WORK REQUEST.
The records that follow should be returned exactly, pictures excluded.

DATA SUPPLIED Start Marker

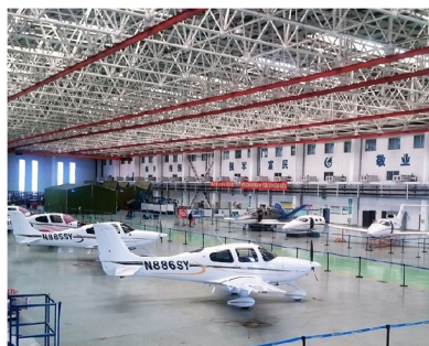
愛飛客航空科普基地
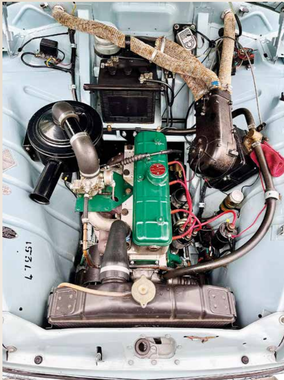
Niin siisti Fregaten konehuone.
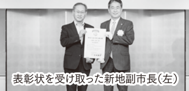
表彰状を受け取った新地副市長(左)

支援大賞」というアワードを通して子育てに良い商品、サービスがたくさん生まれてくることを支援しています。
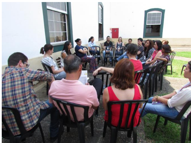
Roda de conversa promovida no Museu de Arte Sacra de São Paulo

a construção dos sujeitos nos acervos”, em conjunto com a Pinacoteca do Estado de São Paulo. A visita em parceria com o MASJ ocorreu em dois sábados, 17 e 24 de outubro, dada a distância geográfica das instituições parceiras e teve duração de 14 horas. Por sua vez a ação em conjunto com a Pinacoteca ocorreu no domingo 8/11 e pela primeira vez teve sua carga ampliada para sete horas a fim de propiciar um diálogo mais efetivo entre educadores e professores na hora adicionada.
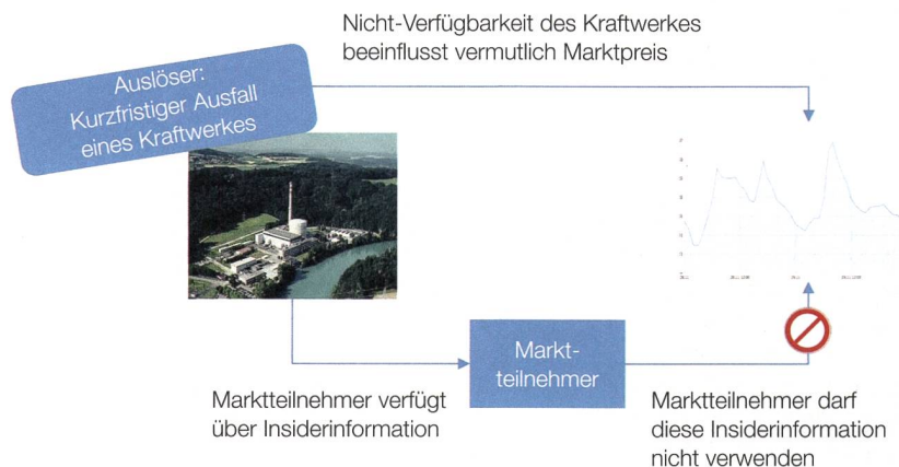
Bild 2 Prinzip des Insiderhandels.

Eine nicht zu unterschätzende Herausforderung stellt für die Marktteilnehmer künftig auch die Pflicht zum Re-
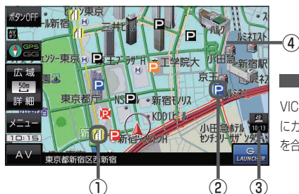
(例) 現在地の地図画面
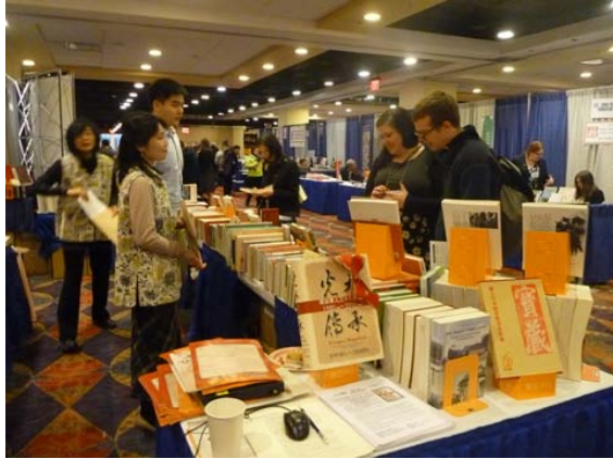
本館同仁穿著制服為來訪外籍學者解說服務
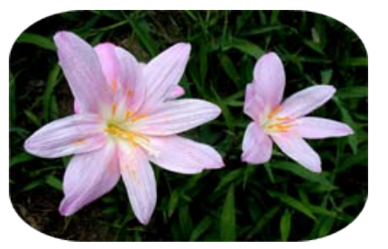
サフランモドキ (6~9月)
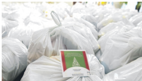
Az önkormányzat tavaly 396 babacsomagot és 1609 karácsonyi csomagot állított össze

DATA SUPPLIED End Marker

RESULT BELOW.
愛飛客航空科普基地
Niin siisti Fregaten konehuone.
表彰状を受け取った新地副市長(左)

支援大賞」というアワードを通して子育てに良い商品、サービスがたくさん生まれてくることを支援しています。
Roda de conversa promovida no Museu de Arte Sacra de São Paulo

a construção dos sujeitos nos acervos”, em conjunto com a Pinacoteca do Estado de São Paulo. A visita em parceria com o MASJ ocorreu em dois sábados, 17 e 24 de outubro, dada a distância geográfica das instituições parceiras e teve duração de 14 horas. Por sua vez a ação em conjunto com a Pinacoteca ocorreu no domingo 8/11 e pela primeira vez teve sua carga ampliada para sete horas a fim de propiciar um diálogo mais efetivo entre educadores e professores na hora adicionada.
Bild 2 Prinzip des Insiderhandels.

Eine nicht zu unterschätzende Herausforderung stellt für die Marktteilnehmer künftig auch die Pflicht zum Re-
(例) 現在地の地図画面
本館同仁穿著制服為來訪外籍學者解說服務
サフランモドキ (6~9月)
Az önkormányzat tavaly 396 babacsomagot és 1609 karácsonyi csomagot állított össze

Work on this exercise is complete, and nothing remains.